Efficient and Optimal Fixed-Time Regret with Two Experts

Laura Greenstreet; Nicholas J. A. Harvey; Victor Sanches Portella

2022 ALT ALT 2022

Efficient and Optimal Fixed-Time Regret with Two Experts

Abstract

Prediction with expert advice is a foundational problem in online learning. In instances with \(T\) rounds and \(n\) experts, the classical Multiplicative Weights Update method suffers at most \(\sqrt{(T/2)\ln n}\) regret when \(T\) is known beforehand. Moreover, this is asymptotically optimal when both \(T\) and \(n\) grow to infinity. However, when the number of experts \(n\) is small/fixed, algorithms with better regret guarantees exist.
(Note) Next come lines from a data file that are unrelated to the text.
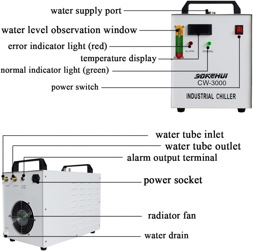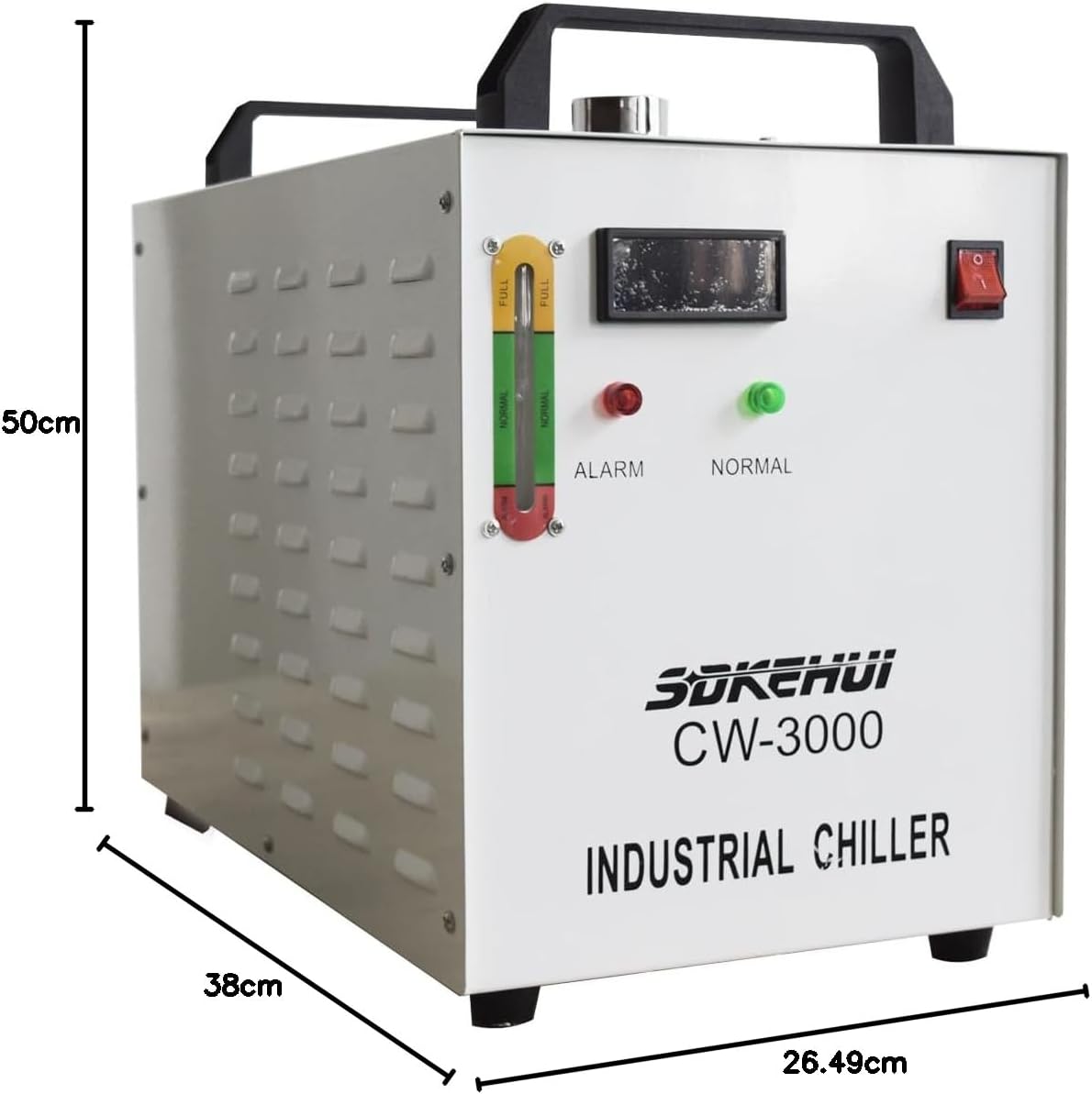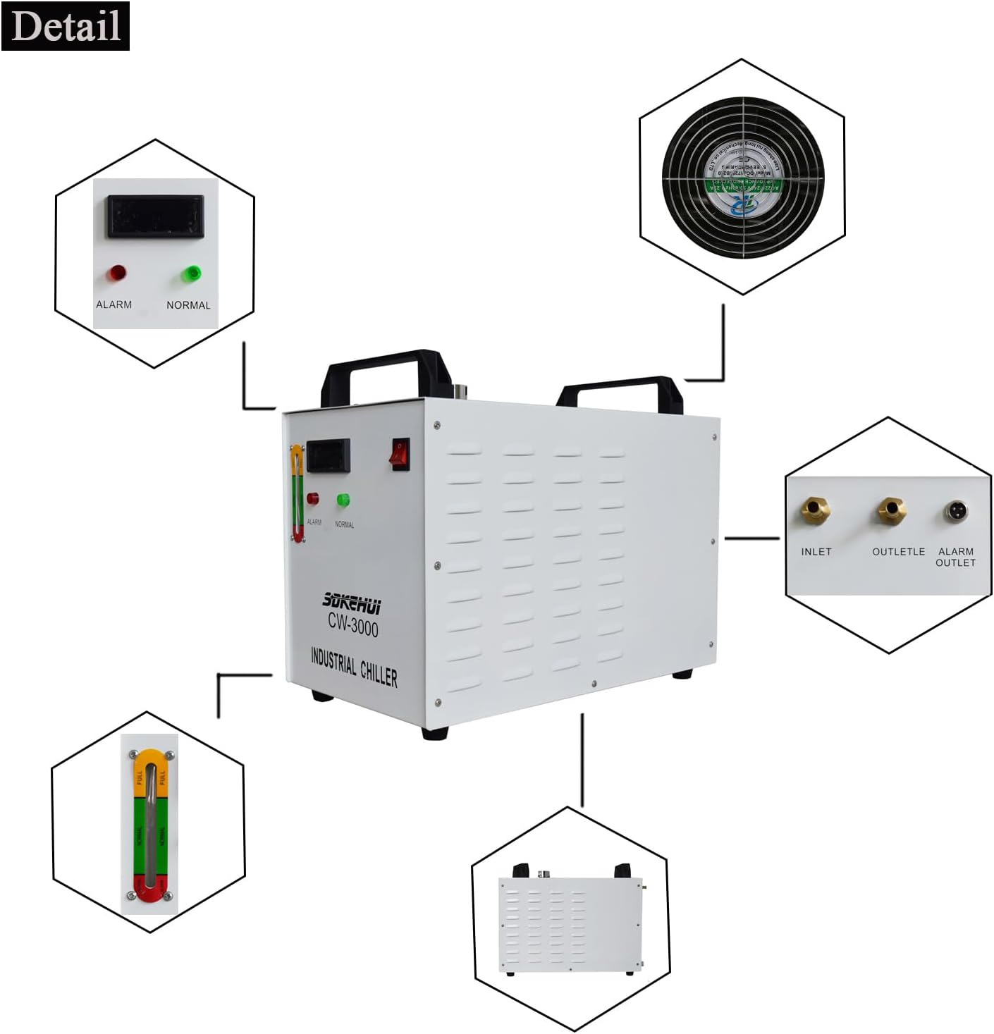 • Параметри на продукта: индустриалният охладител за вода CW-3000 е с капацитет 9 л, максимален дебит 10 л, охлаждаща мощност 50 W/°C, напрежение 220 V, честота 50 Hz и ток 0,45 A.
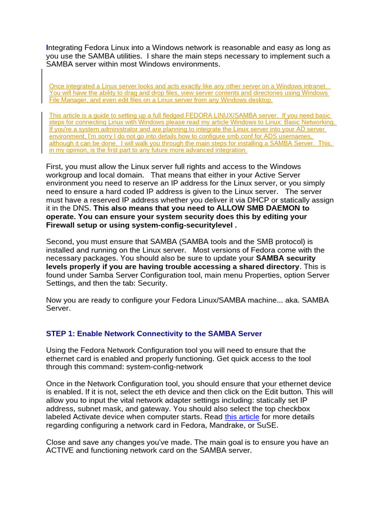 This article is a guide to setting up a full fledged FEDORA LINUX/SAMBA server. If you need basic
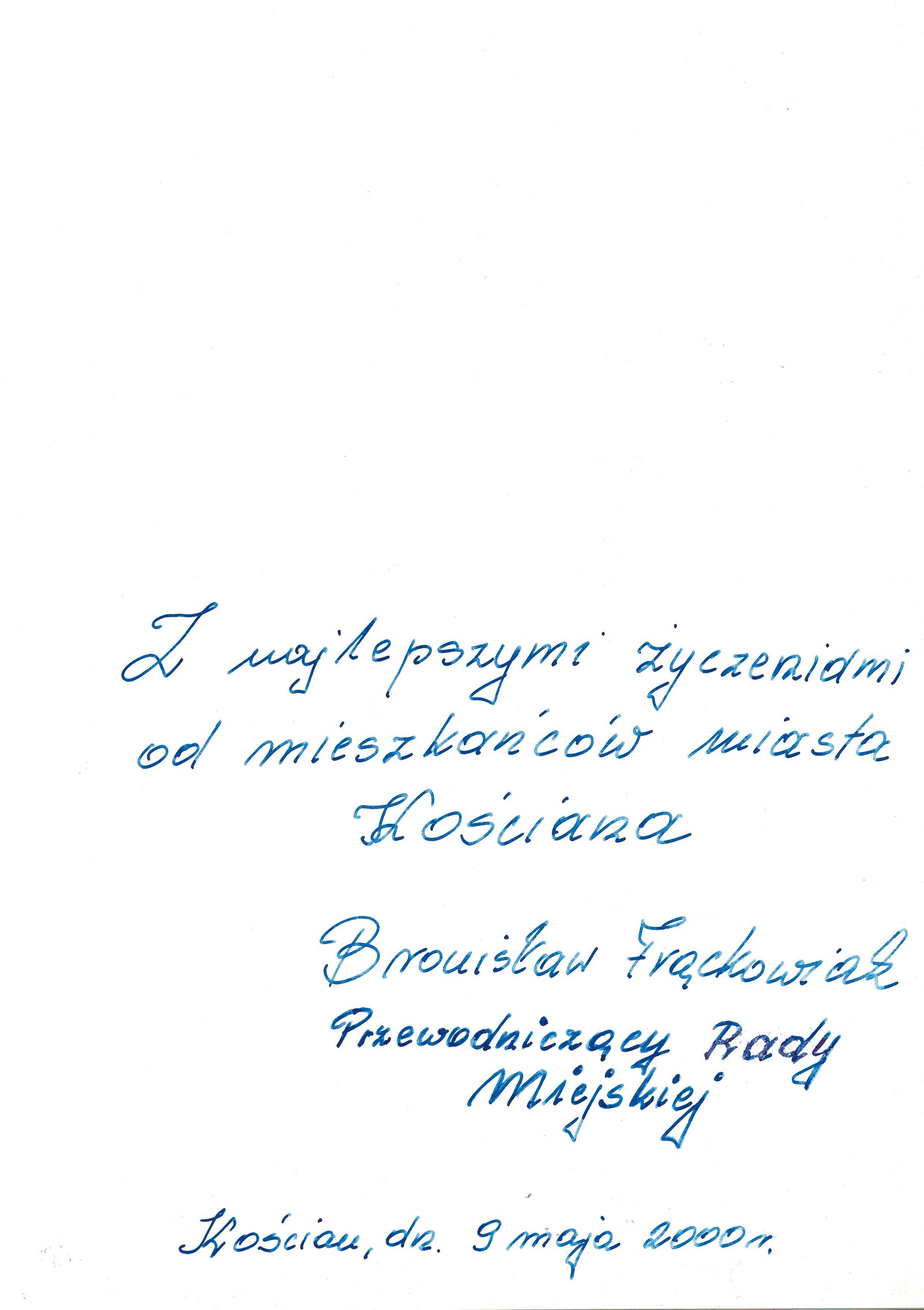 Treść dedykacji: Z najlepszymi życzeniami od mieszkańców miasta Kościana Bornisław Frąckowiak Przewodniczący Rady Miejskiej Kościan, dn. 9 maja 2000 r.

Cover showed in 1967 a dynamic programming algorithm for the two-experts problem restricted to \(\{0,1\}\) costs that suffers at most \(\sqrt{T/2\pi} + O(1)\) regret with \(O(T^2)\) pre-processing time. In this work, we propose an optimal algorithm for prediction with two experts’ advice that works even for costs in \([0,1]\) and with \(O(1)\) processing time per turn. Our algorithm builds up on recent work on the experts problem based on techniques and tools from stochastic calculus.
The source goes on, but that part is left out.